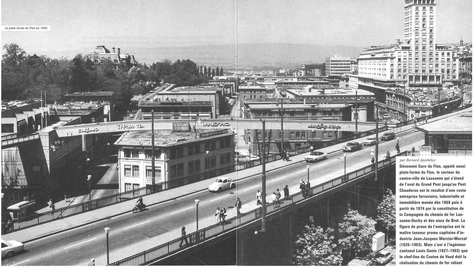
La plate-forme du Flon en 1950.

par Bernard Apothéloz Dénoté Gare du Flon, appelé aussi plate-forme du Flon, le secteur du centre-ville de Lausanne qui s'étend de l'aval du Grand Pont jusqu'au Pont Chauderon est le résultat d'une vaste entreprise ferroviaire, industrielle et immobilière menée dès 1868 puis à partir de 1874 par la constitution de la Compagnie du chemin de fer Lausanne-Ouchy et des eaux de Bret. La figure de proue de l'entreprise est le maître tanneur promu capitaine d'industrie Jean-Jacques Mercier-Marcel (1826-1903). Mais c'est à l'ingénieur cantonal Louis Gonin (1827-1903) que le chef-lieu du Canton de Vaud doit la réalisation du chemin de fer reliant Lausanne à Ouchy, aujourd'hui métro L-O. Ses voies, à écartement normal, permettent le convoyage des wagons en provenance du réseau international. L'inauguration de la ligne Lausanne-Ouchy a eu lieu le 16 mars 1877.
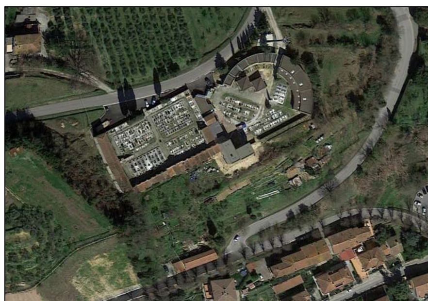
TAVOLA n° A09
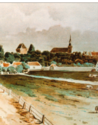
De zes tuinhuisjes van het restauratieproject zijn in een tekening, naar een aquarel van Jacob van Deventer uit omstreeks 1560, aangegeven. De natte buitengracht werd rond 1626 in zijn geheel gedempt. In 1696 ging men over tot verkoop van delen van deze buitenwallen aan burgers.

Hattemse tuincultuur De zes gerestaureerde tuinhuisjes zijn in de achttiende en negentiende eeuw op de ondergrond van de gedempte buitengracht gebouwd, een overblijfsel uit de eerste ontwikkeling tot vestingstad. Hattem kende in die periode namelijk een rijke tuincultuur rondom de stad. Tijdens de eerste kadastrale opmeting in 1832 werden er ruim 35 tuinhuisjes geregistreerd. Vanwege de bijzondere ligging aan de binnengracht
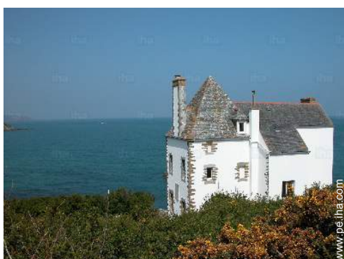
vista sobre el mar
════════════════
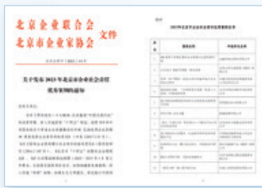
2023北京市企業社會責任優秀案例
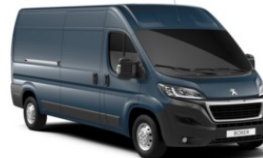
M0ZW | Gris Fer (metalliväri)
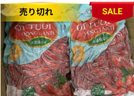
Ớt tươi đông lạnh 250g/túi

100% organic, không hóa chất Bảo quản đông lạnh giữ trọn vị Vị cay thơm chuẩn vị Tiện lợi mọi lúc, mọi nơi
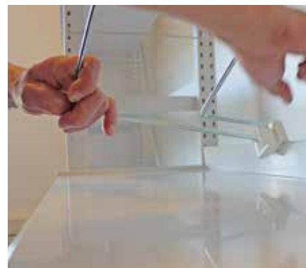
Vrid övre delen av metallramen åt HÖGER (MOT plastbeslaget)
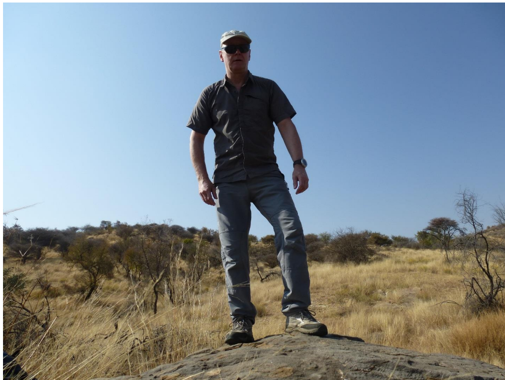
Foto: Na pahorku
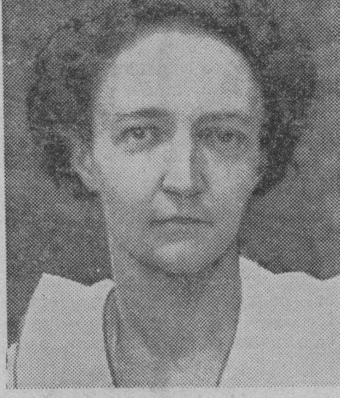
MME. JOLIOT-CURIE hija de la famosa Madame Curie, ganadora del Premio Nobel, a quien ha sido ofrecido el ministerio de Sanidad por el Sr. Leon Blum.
════════════════
- _What you need to do_: Among the entries above, copy exactly the stretch from the line holding "De zes tuinhuisjes" through the line holding "vista sobre el mar", leaving out any pictures.

- _Your solution_:
De zes tuinhuisjes van het restauratieproject zijn in een tekening, naar een aquarel van Jacob van Deventer uit omstreeks 1560, aangegeven. De natte buitengracht werd rond 1626 in zijn geheel gedempt. In 1696 ging men over tot verkoop van delen van deze buitenwallen aan burgers.

Hattemse tuincultuur De zes gerestaureerde tuinhuisjes zijn in de achttiende en negentiende eeuw op de ondergrond van de gedempte buitengracht gebouwd, een overblijfsel uit de eerste ontwikkeling tot vestingstad. Hattem kende in die periode namelijk een rijke tuincultuur rondom de stad. Tijdens de eerste kadastrale opmeting in 1832 werden er ruim 35 tuinhuisjes geregistreerd. Vanwege de bijzondere ligging aan de binnengracht
vista sobre el mar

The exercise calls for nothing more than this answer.